Task prompt:
From the line containing "え?枇杷膏って、私が知ってい" through the last line of the records below, each line is to be repeated exactly; pictures are to be omitted.

Stored items from a collection
——————
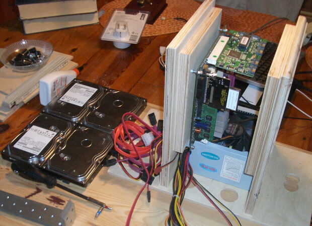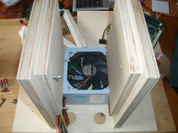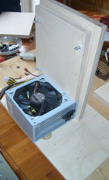 Que preparó una pieza de múltiplex como una placa base, perforé algunos agujeros para el montaje de la disk´s duro, el montaje de las paredes de la cajas y el cableado.
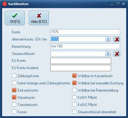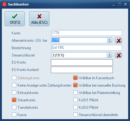 Hier prüfen Sie bitte je nach genutzten Sachkonterahmen, ob die notwendigen Steuerkonten angelegt und korrekt konfiguriert sind.
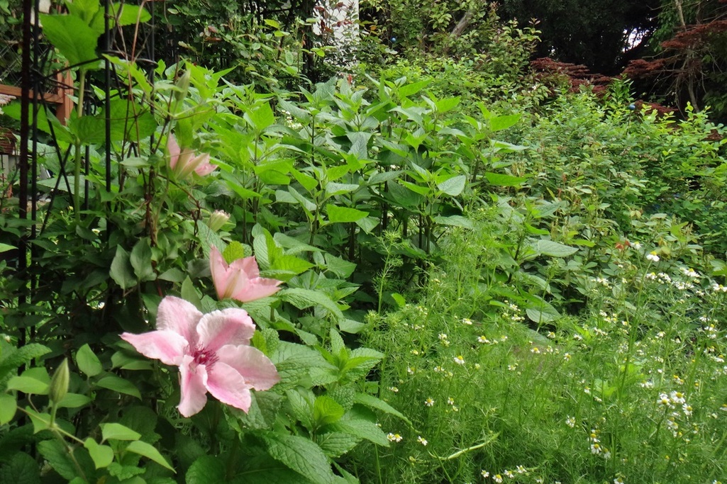 ハーブ畑にクレマチスがやさしい花色を添えています
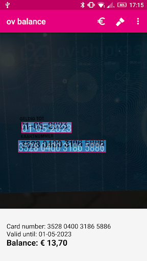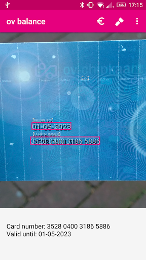 The ov balance checker can check the balance of your Dutch anonymous ov-chipcard. Point your device's camera at the ov-chipcard and the app will show the card's balance: the app recognizes the card number and the expiry date and uses those to look up the balance at ov-chipkaart's website.
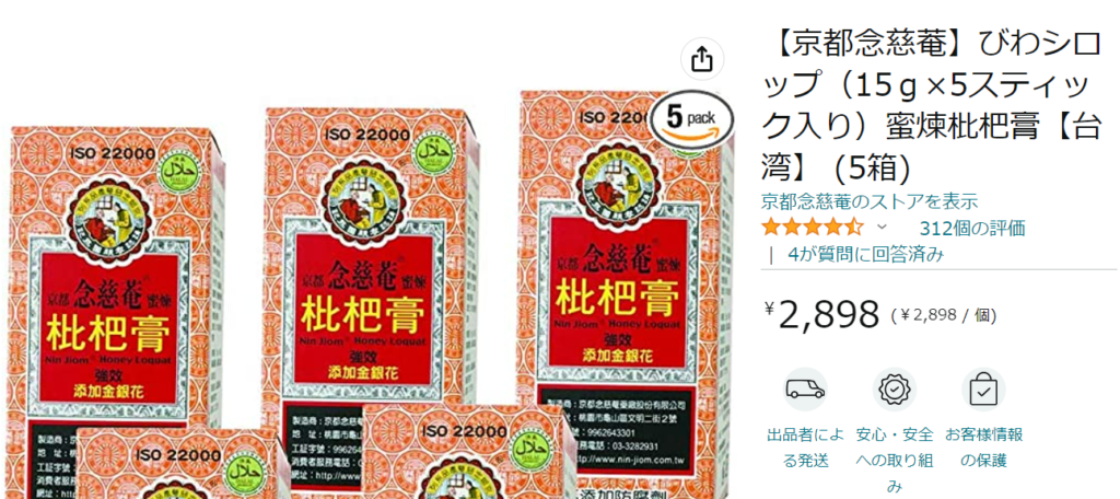 え?枇杷膏って、私が知っている台湾のテレビで良く見かけるCMの「京都念慈菴川貝枇杷膏」のことでしょうかと思っていたら、本当です!!!まさか日本でネットでも買えます。
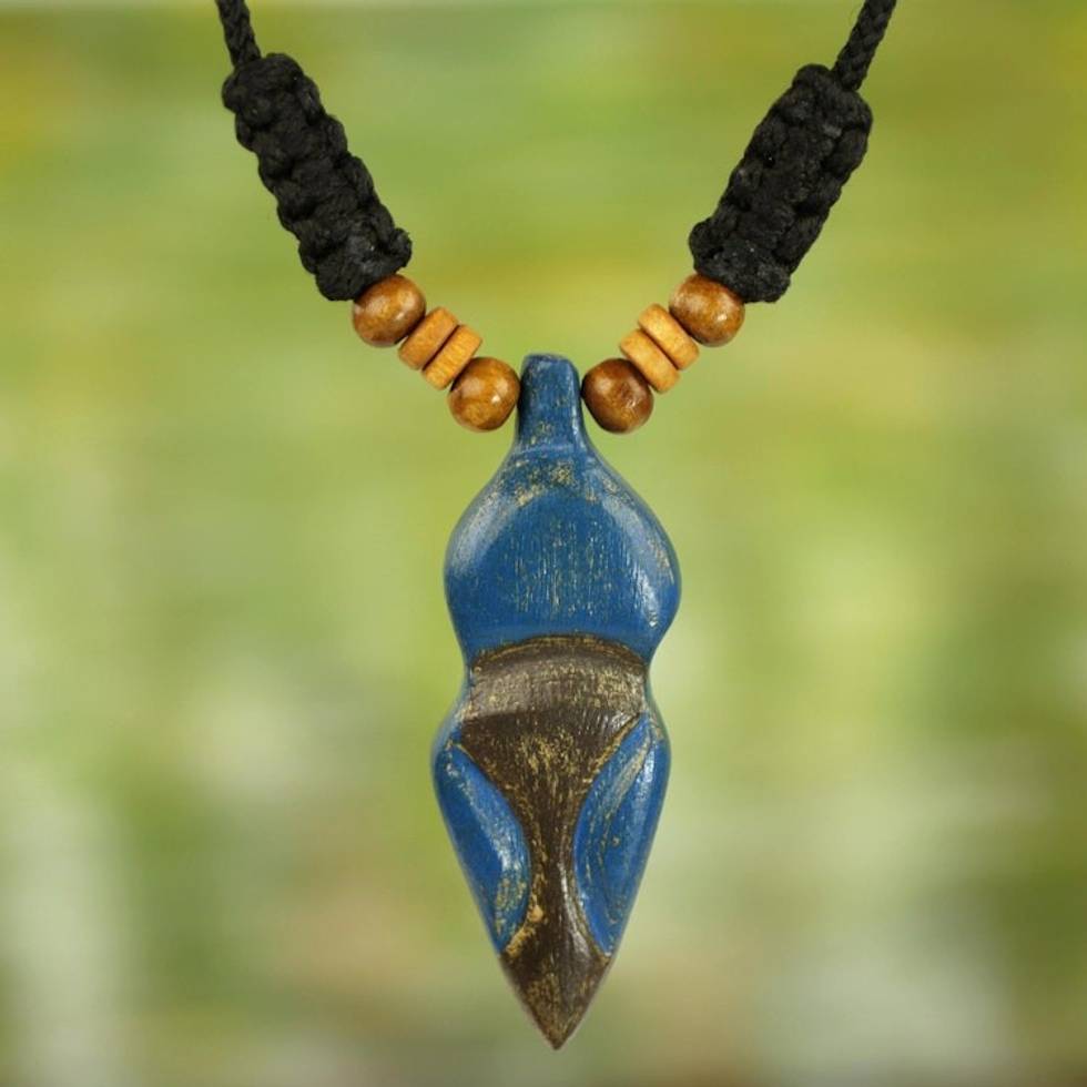 Adjustable Sese Wood Necklace in Blue and Black from Ghana 'Akwatia Diamond' Item ID: 2671803929
——————
Finished task:
 え?枇杷膏って、私が知っている台湾のテレビで良く見かけるCMの「京都念慈菴川貝枇杷膏」のことでしょうかと思っていたら、本当です!!!まさか日本でネットでも買えます。
 Adjustable Sese Wood Necklace in Blue and Black from Ghana 'Akwatia Diamond' Item ID: 2671803929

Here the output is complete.